A dozen good ones for a midwinter night's read

Monday Book Review

February 03, 1992|By Myron Beckenstein

HERE IS a list of 12 good books one reader found last year. Maybe some will sound appealing. Some are new, some have been around for a while. All should be available at bookstores or libraries.

NONFICTION

President Reagan, the Role of a Lifetime, Lou Cannon. The most overlooked book of 1991. A readable, documented, shocking look at the Reagan presidency by someone who covered Reagan from way back. Not a diatribe but an explanation of what was happening behind all PR machine. Very long (948 pages, with notes, bibliography and index), but relatively quick reading and very worth reading. (Now out in paperback.)

What Did You Do In the War, Daddy?, Sabine Reichel. A probing and sensitive look at how World War II generation Germans deal with the war, their role in it and their responsibility. And how their children deal with them and their country.

Come Tell Me How You Live, Agatha Christie Mallowan. The great mystery writer tells about the adventure in her real life. Dead bodies all over the place, but not murdered ones. Her husband was a noted Mideastern archaeologist and she writes charmingly (yes, charmingly) about the places she visited, the people she met.

Lebanon, Sandra Mackey. A well-done look at the reasons for all the hate and turmoil in that plagued country, and how the U.S. got tangled up in the mess. Even the factions have factions. The amazing thing is that Lebanon ever worked at all.

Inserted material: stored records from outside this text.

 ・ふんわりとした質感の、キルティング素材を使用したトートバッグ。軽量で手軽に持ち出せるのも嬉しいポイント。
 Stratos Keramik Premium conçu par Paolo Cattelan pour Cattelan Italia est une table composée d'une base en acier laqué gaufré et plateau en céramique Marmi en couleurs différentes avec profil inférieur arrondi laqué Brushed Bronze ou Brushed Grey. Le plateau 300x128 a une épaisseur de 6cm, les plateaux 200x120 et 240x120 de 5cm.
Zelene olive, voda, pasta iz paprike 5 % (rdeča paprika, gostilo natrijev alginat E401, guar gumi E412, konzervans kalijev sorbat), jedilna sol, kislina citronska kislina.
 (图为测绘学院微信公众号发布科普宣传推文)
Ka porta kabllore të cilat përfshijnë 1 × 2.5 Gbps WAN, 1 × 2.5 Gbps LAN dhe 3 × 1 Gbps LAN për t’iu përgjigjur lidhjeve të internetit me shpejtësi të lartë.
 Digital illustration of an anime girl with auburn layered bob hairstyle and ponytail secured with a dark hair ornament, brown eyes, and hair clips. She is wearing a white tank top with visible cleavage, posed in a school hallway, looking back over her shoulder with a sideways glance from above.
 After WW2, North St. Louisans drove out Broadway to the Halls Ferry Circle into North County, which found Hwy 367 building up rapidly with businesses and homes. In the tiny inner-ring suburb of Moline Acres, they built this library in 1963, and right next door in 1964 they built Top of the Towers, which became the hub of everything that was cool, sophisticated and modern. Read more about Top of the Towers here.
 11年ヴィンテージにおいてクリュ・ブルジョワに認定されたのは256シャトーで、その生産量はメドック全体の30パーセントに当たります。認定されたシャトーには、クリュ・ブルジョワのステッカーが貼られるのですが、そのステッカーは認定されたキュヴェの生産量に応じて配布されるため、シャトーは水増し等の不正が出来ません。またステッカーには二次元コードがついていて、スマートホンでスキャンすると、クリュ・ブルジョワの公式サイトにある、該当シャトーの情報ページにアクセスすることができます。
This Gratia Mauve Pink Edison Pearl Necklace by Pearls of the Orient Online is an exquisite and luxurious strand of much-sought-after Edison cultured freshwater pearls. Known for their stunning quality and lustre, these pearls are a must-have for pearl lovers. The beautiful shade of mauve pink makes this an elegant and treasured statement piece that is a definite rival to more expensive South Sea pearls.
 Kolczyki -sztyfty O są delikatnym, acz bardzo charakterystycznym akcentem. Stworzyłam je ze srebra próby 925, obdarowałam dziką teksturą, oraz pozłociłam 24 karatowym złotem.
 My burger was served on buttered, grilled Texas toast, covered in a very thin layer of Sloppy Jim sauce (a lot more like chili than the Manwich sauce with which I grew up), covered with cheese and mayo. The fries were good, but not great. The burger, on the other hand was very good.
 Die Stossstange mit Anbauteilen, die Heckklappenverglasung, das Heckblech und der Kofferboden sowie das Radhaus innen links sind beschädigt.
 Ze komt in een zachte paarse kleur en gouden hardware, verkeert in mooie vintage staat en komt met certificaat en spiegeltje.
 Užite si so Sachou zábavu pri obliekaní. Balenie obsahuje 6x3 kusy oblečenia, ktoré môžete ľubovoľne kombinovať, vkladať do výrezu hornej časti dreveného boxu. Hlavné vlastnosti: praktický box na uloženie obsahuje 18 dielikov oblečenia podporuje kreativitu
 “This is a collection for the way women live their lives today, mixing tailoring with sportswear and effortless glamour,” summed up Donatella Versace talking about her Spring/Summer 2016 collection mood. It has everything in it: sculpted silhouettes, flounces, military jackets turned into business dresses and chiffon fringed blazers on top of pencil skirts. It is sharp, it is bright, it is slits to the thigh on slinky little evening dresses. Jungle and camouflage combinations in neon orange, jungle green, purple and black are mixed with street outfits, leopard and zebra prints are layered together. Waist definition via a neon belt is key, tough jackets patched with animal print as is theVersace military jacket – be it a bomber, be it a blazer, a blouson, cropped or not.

The Medical Detectives, Berton Roueche. Fascinating true-life mysteries as medical personnel try to identify strange occurrences and figure out what is going on, things like the killer jeans and the orange-skinned man. Sometimes the solution is exotic, sometimes mundane, but always an eye-opener. There is a Volume II, but really only enough good stories for one and a half volumes.

Witness for the Defense, Dr. Elizabeth Loftus and Katherine Ketcham. Another book of case studies, this one legal and psychological. Memory expert Loftus tells how even well-intentioned witnesses come to believe they saw things they didn't. When lives hang in the balance, it is hard to justify the presence of a death penalty, she points out.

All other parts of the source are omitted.